Goethe once wrote a very long letter to one of his friends. In the end he added a postscript explaining: 'I am very sorry for sending you such a long letter but I did not find enough time to write a shorter one.'

Anecdote Ernest Hemingway – American author and journalist (1899 – 1961)

Hemingway had a son who at the age of twenty had already tried to work in many different professions. He considered himself a person with a huge life experience and decided to publish his diaries so he asked his father, already a famous writer awarded the Nobel Prize, to write a preface to his memoirs.

'After that, we'll talk about the copyright', the son added.

'My son', the writer said, 'you should know that I, as your father, own all the rights regarding your person'.

Anecdote James Joyce – Irish novelist and poet (1882 – 1941)

One day a friend visited the writer and found him totally depressed. Joyce explained that he couldn't finish some book he was writing.

'So how much have you written yet?', the friend asked.

'Seven words', Joyce replied.

'It's not that bad', the friend tried to console him.

'Maybe, but I still don't know in what order I should put them', said the writer.

Anecdote Alexandre Dumas – French writer (1802 – 1870)

One day the writer's son found him reading some book that seemed to absorb him completely. Curious, he asked him what book was it.

'It's a really fascinating novel!', the writer said. 'I can't wait to find out what finally happens to the characters.'

'And who's the author?', asked his son.

'Me! I wrote it myself!", said the writer.

Anecdote Theodore Roosevelt – The twenty-sixth President of the United States (1858 – 1919)

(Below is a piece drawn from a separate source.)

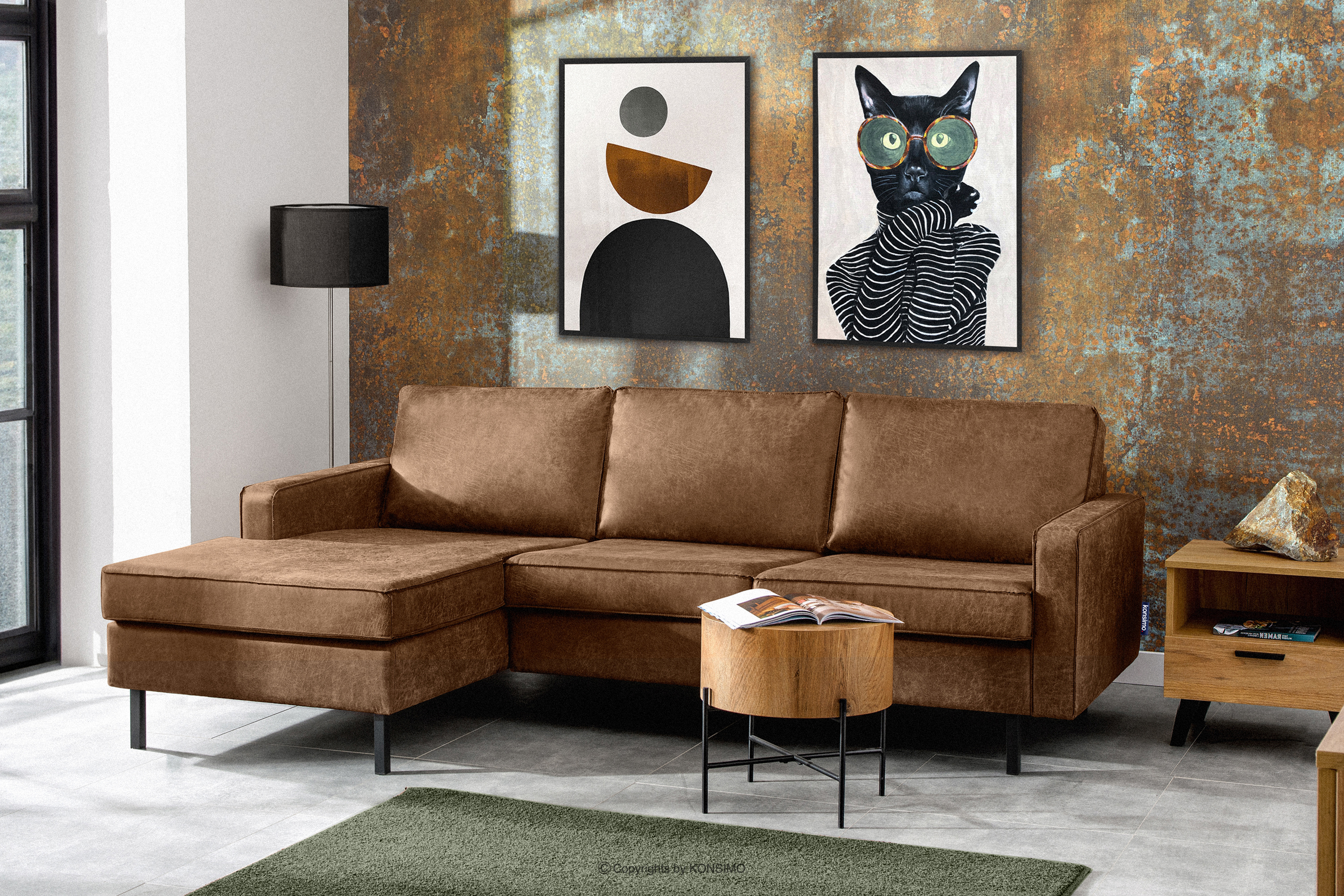 Narożnik w stylu loft lewy z otomaną brązowy to idealne rozwiązanie zarówno do dużych, jak i małych pomieszczeń. Wyjątkowy design oraz wysoka jakość wykonania sprawiają, że jest to mebel, który nie tylko zachwyca estetycznie, ale także zapewnia wygodę i komfort. Narożnik posiada również metalowe nóżki w kolorze czarnym, które idealnie komponują się ze stylem loft i vintage.

While delivering a campaign speech one day Theodore Roosevelt was interrupted by a heckler: “I’m a Democrat!” the man shouted.
“May I ask the gentleman,” Roosevelt replied, quieting the crowd, “why he is a Democrat?”
“My grandfather was a Democrat,” the man replied, “my father was a Democrat and I am a Democrat.”
“My friend,” Roosevelt interjected, moving in for the kill, “suppose your grandfather had been a jackass and your father was a jackass. What would you then be?”
Alas, Roosevelt was thwarted by the quick-witted heckler, who promptly replied: “A Republican!”

Anecdote Lyndon Johnson – The thirty-sixth President of the United States (1908 – 1973)

Lyndon Johnson was fond of differentiating between two kinds of speeches: "The Mother Hubbard speech, which, like the garment, covers everything but touches nothing; and the French bathing suit speech, which covers only the essential points."

Anecdote Richard Nixon – The thirty-seventh President of the United Sates (1913 – 1994)

Shortly after the Watergate story broke, Richard Nixon was asked by British television interviewer David Frost to explain his approval of such illegal activities as burglary and the unauthorized opening of mail. "Well," Nixon boldly replied, "when the president does it, that means it is not illegal."

Anecdote Ronald Reagan – The fortieth President of the United Sates (1911 – 2004)

The latter portion of Jimmy Carter’s presidency was plagued by recession. The American economy did not pick up again until Ronald Reagan had assumed the helm (in the early 1980s).
“Depression is when you are out of work,” Reagan declared after taking office. “Recession is when your neighbor is out of work…”
And a recovery? “A recovery is when Jimmy Carter is out of work!